If the United States ever decides to create a Sovereign Fund (SWF), the behavior of the Federal Reserve during the Great Recession and the Covid-19 pandemic can serve as a model. By buying government-guaranteed securities and bonds of private companies known as fallen angels, the behavior of the Federal Reserve mimicked the behavior of a sovereign wealth fund.

Before the creation of the Federal Reserve in 1913, the US economy was considerably more unstable. The United States would regularly alternate cycles of expansion and depression. Lack of reliable credit has held back growth in many sectors, especially agriculture. While there had been several attempts to create a national bank in the United States, it took the bank run of 1907 to finally convince Congress to pass legislation creating the Federal Reserve Bank in 1913.

While the Federal Reserve was making money from its open market operations, it was not until the onset of the Great Recession that the Fed increased its economic activity to support the U.S. economy, which as a as a by-product, generated more wealth for the federal government.

During the Great Recession of 2008-2009, the Fed launched an operation known as quantitative easing. At the start of the 2008-09 global financial crisis, the Fed’s balance sheet stood at $ 2.2 trillion. At the height of the financial crisis, the Fed’s balance sheet soared to $ 4.5 trillion. As the financial crisis eases, the Fed reduced its balance sheet to $ 3.8 trillion until the pension crisis threatened to freeze credit markets in the United States in September 2019.

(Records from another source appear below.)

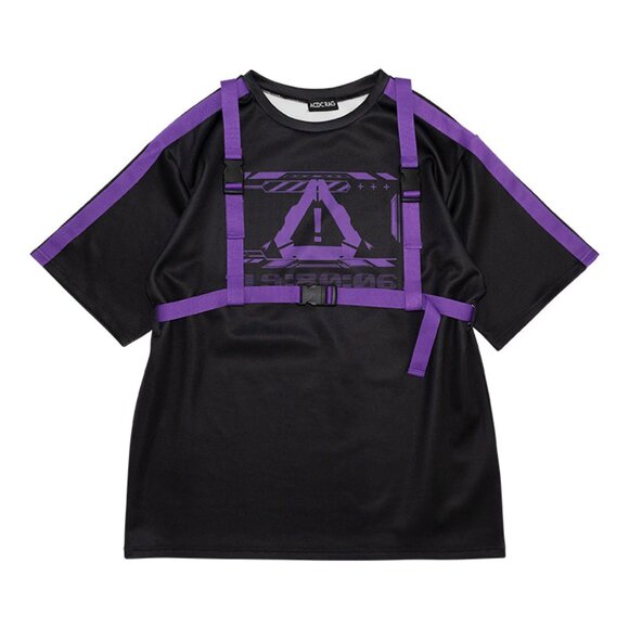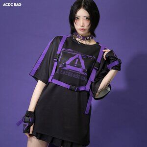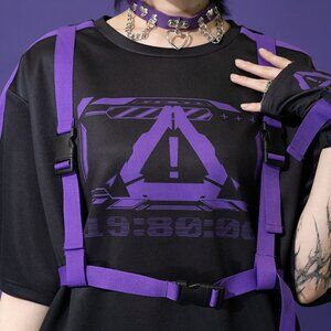 "Hack the system in the Error Code Cyberpunk Tech Oversized Tee from ACDC Rag. This futuristic rave t-shirt features a black polyester base is designed with glitchy purple graphics, oversized fit, crew neckline, short sleeves, and bold front and back matching tech straps detailing. Straight outta the underground streets of Harajuku, this tee is built for the digital rebels and late-night ravers. Love it? Grab it before the signal fades.
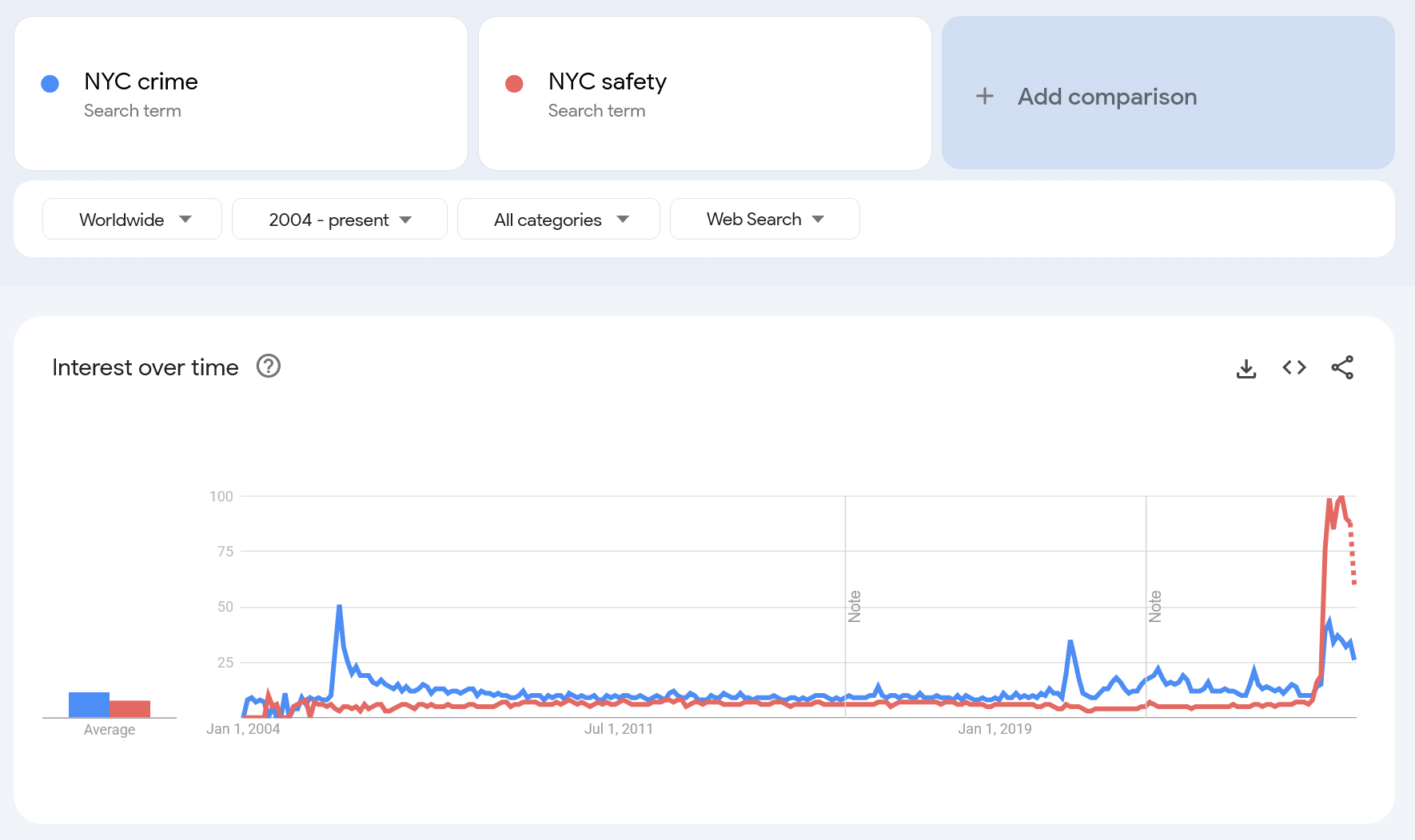 Public concern about New York City’s street safety has surged to its highest level in two decades. According to Google Trends, searches for “NYC crime” and “NYC safety” spiked ten‑fold in mid‑2025 and have remained at this elevated level ever since. SafeAreasNYC.com is the first independent response to this unprecedented public demand for granular, honest, street‑level data.
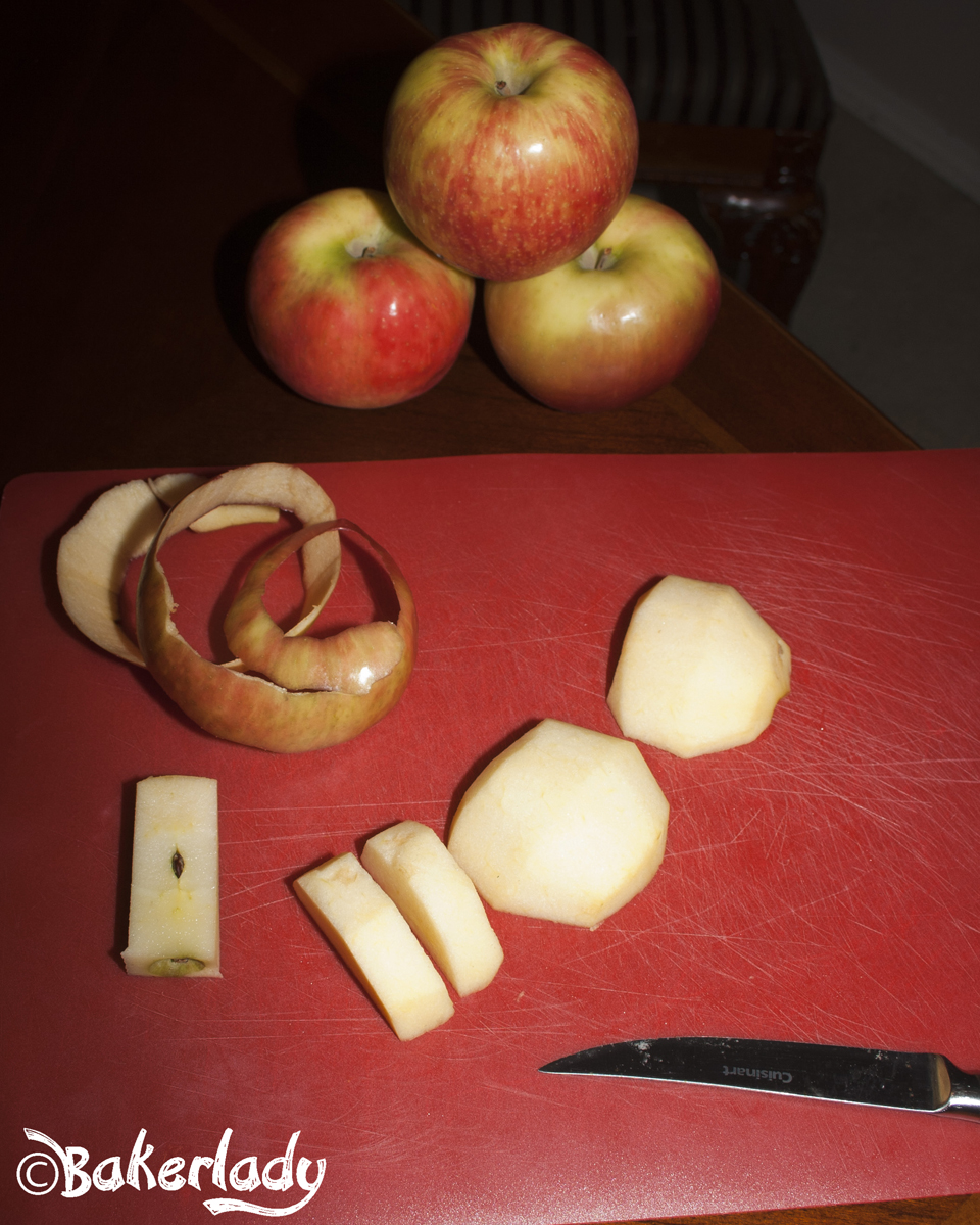Peel the apple. My goal here is always to get the one long curl like in Sleepless in Seattle. My kids love watching me peel apples and seeing the twisting, twirling outter layer come off all together.
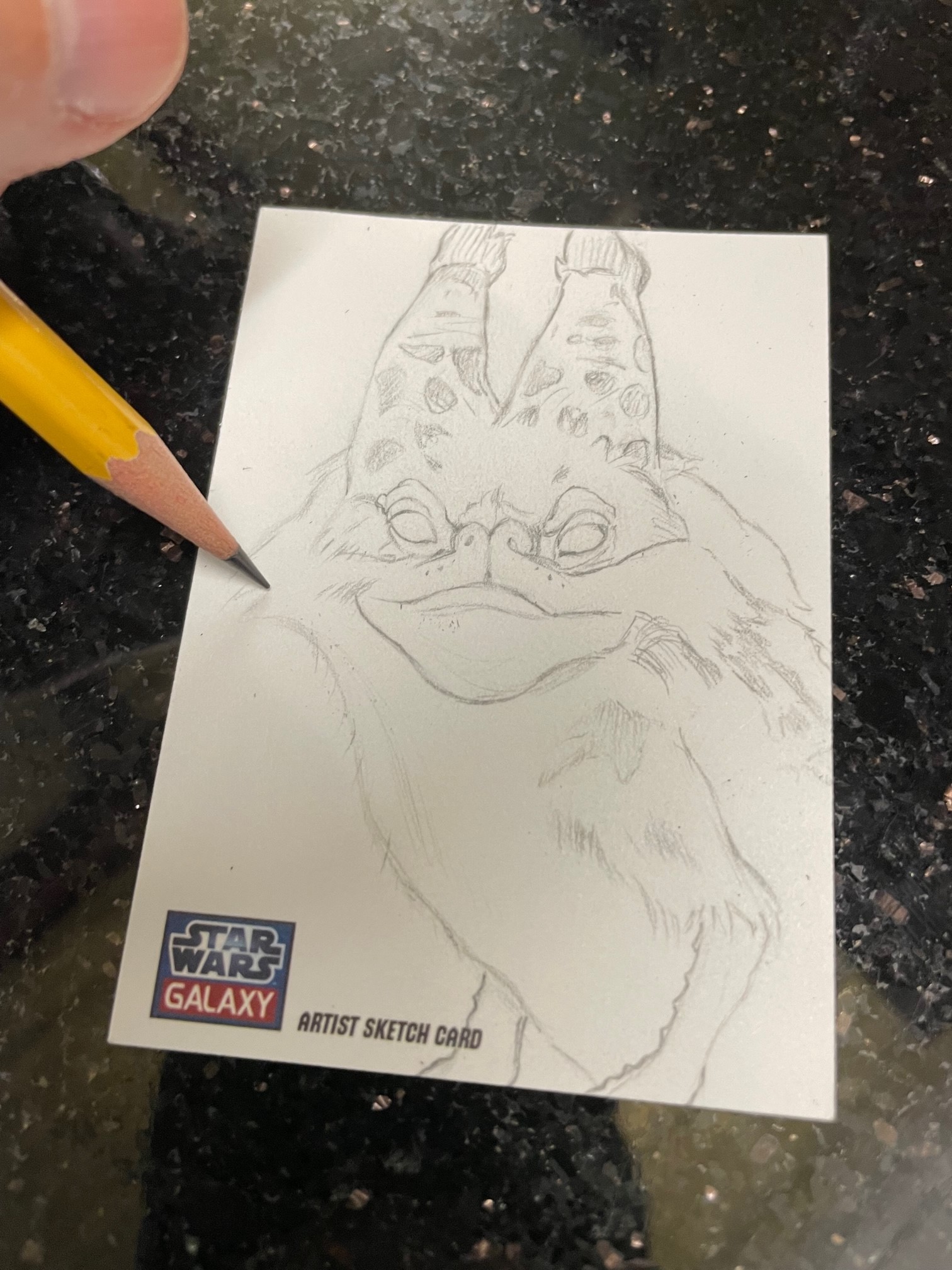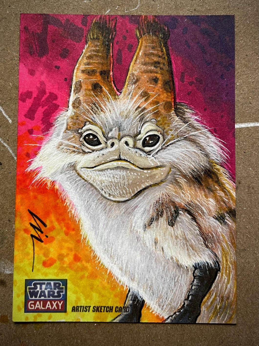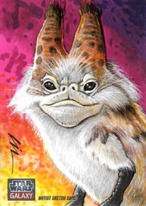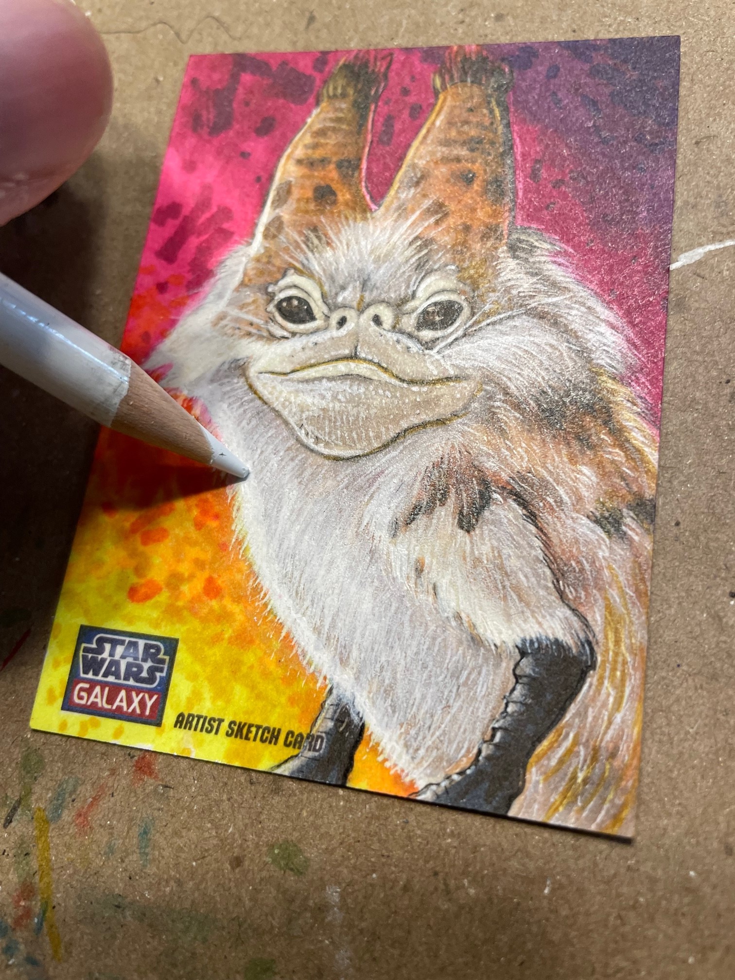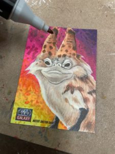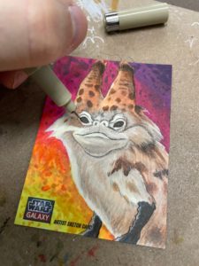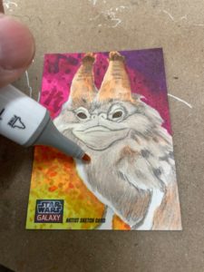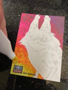 For this cat card I started off with pencils using a yellow #2 on a Star Wars Galaxy sketchcard blank. I still have a few returns left over from my time working with Topps. I then broke out markers. Started filling in the background first. Sabine is all about bright colors so I wanted this card to reflect that.
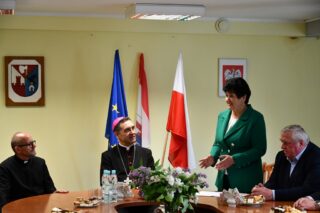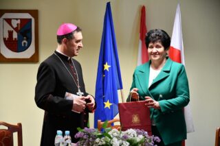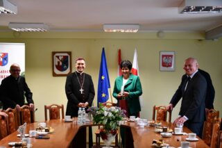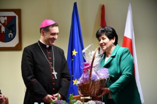 W poniedziałek 22 maja ks. Biskup odwiedził Urząd Gminy. W progu powitała go wójt gminy Grażyna Sikorska. Podczas spotkania, na którym obecni byli również pracownicy na czele z przewodniczącym Rady Gminy Andrzejem Pogorzelskim, dokonała prezentacji gminy, jej charakterystyki oraz opowiedziała o ostatnich dokonaniach i planach na przyszłość. Ks. Biskup udzielił zebranym pasterskiego błogosławieństwa.
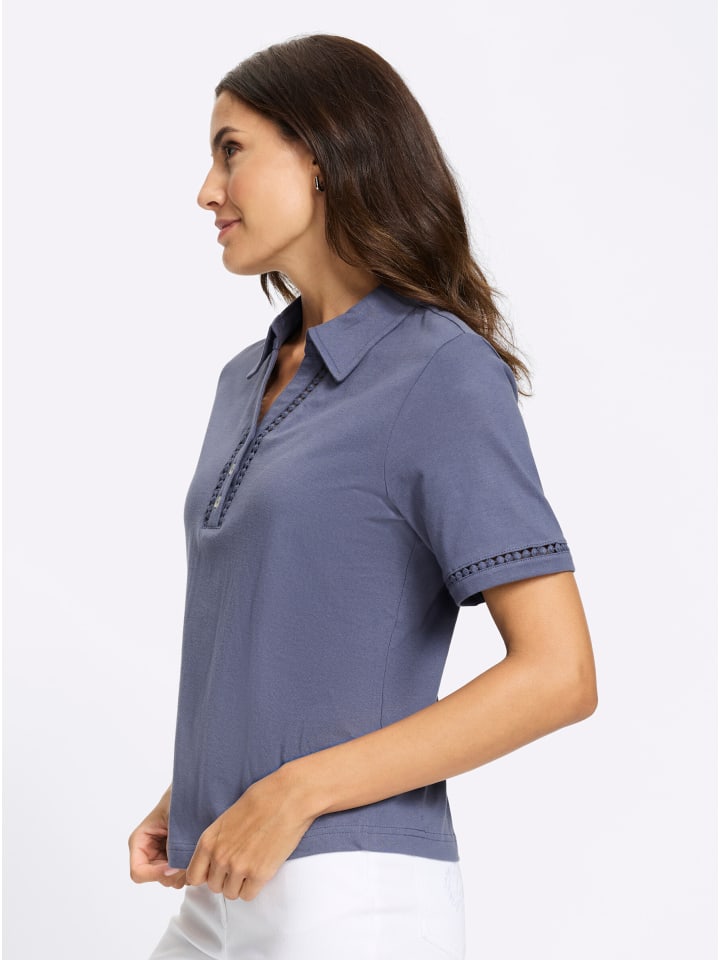 Эта рубашка-поло из приятного органического хлопка привлекает внимание прозрачной кружевной отделкой на коротких рукавах, а также по обеим сторонам V-образного выреза и планки с пуговицами. Рубашка украшена пуговицами с роговым эффектом и слегка закругленным нижним краем. Сертифицировано GOTS, изготовлено из органического хлопка.
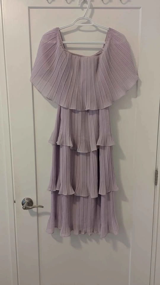 Lulu's lavender, off the shoulder ruffle dress. OG price $150, worn only twice and has been dry cleaned. It is a size Small but is a super stretchy material and I think it would also pass for a Medium!
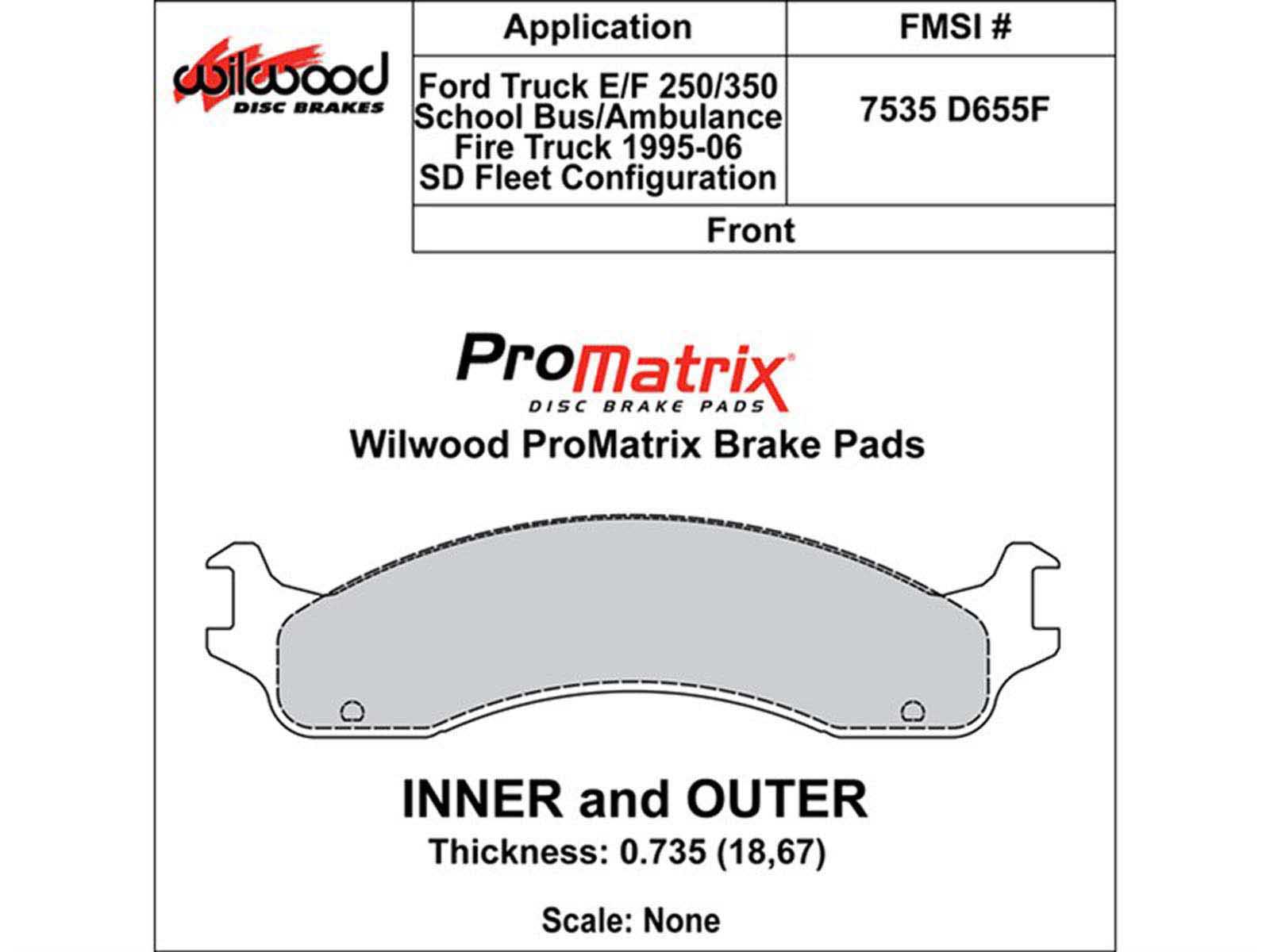 Wilwood 150-D0655FK ProMatrix Brake Pad Set, Pad #D655F

Due to the freezing of overnight credit markets, the Fed intervened in the private market to ensure liquidity in the private commercial repo market. A buyout market is a form of short-term borrowing for traders in government securities. For example, a repo broker will sell government securities to investors. The repo broker will then redeem (hence the term repo) typically within twenty-four to forty-eight hours at a slightly higher price. Whoever sells the repo essentially borrows money to meet cash reserves, and when he redeems the security, he pays a small interest (which is why he is buying it back at a slightly higher rate) so that he can use it. the title as collateral. The person who buys the security essentially lends money to the repo seller and receives their commission when the repo seller buys the security back. The implied interest rate is called the repo rate. When the time came for the repo market to start on September 16, 2019, however, there was a dramatic shortage of liquidity as the interbank market had dried up.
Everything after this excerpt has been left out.